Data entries
++++

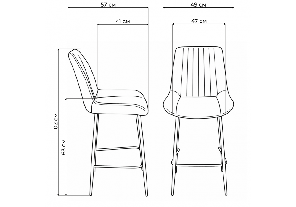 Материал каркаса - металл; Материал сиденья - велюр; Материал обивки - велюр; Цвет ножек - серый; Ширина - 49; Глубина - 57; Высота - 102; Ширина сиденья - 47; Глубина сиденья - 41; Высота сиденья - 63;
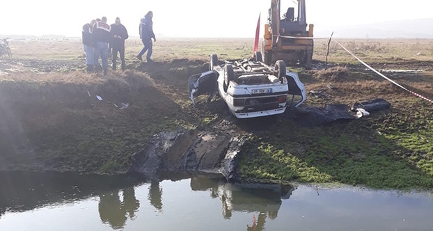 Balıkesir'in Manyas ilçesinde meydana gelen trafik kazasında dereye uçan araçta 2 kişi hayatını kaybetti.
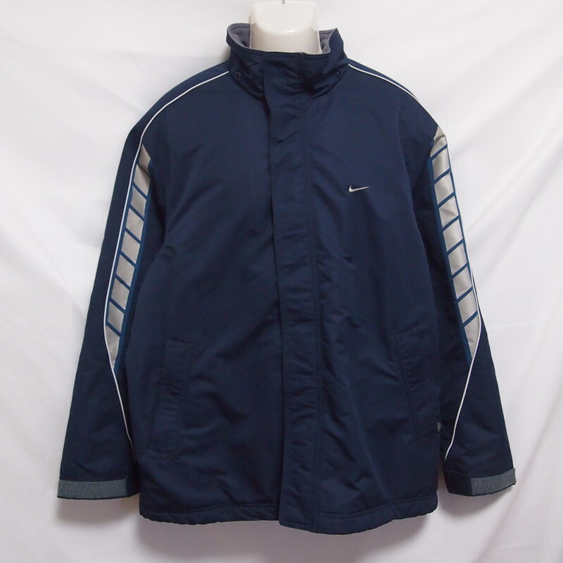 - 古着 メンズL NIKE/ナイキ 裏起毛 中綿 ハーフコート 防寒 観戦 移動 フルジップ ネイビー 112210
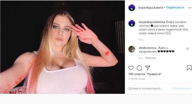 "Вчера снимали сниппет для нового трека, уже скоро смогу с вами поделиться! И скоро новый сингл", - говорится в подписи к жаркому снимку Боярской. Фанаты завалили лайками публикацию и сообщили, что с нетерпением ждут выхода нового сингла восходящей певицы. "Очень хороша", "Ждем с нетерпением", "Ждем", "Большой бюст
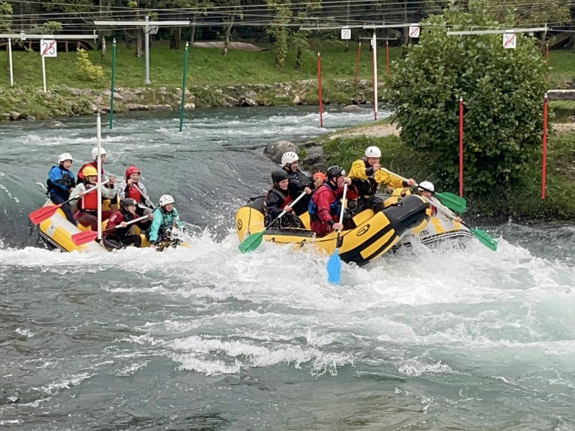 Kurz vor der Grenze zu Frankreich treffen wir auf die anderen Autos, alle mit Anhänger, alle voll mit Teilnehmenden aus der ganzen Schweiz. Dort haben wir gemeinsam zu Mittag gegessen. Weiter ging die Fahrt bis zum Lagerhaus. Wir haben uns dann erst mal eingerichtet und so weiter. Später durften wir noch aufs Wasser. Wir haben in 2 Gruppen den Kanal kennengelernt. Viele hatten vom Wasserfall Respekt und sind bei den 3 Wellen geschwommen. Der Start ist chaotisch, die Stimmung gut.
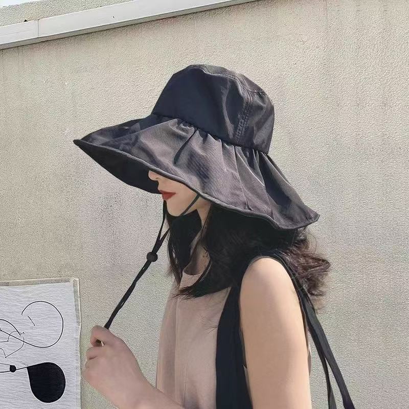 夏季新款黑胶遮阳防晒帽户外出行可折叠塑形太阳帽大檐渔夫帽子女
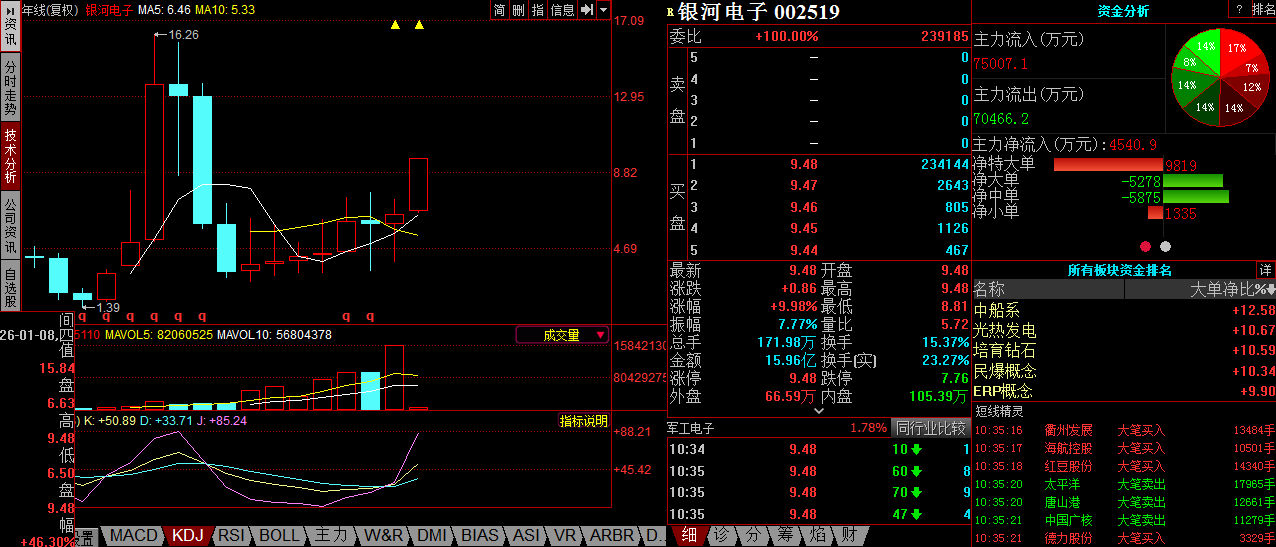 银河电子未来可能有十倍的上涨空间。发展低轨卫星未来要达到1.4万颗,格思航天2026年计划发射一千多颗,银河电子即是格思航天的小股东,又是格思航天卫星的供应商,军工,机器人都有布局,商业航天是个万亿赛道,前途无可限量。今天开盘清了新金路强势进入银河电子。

++++

Reproduce exactly the lines from the one containing "夏季新款黑胶遮阳防晒帽户外出行可折叠塑形太阳帽大檐渔夫帽子女" through the last line of the records, both included, leaving out every picture.

 夏季新款黑胶遮阳防晒帽户外出行可折叠塑形太阳帽大檐渔夫帽子女
 银河电子未来可能有十倍的上涨空间。发展低轨卫星未来要达到1.4万颗,格思航天2026年计划发射一千多颗,银河电子即是格思航天的小股东,又是格思航天卫星的供应商,军工,机器人都有布局,商业航天是个万亿赛道,前途无可限量。今天开盘清了新金路强势进入银河电子。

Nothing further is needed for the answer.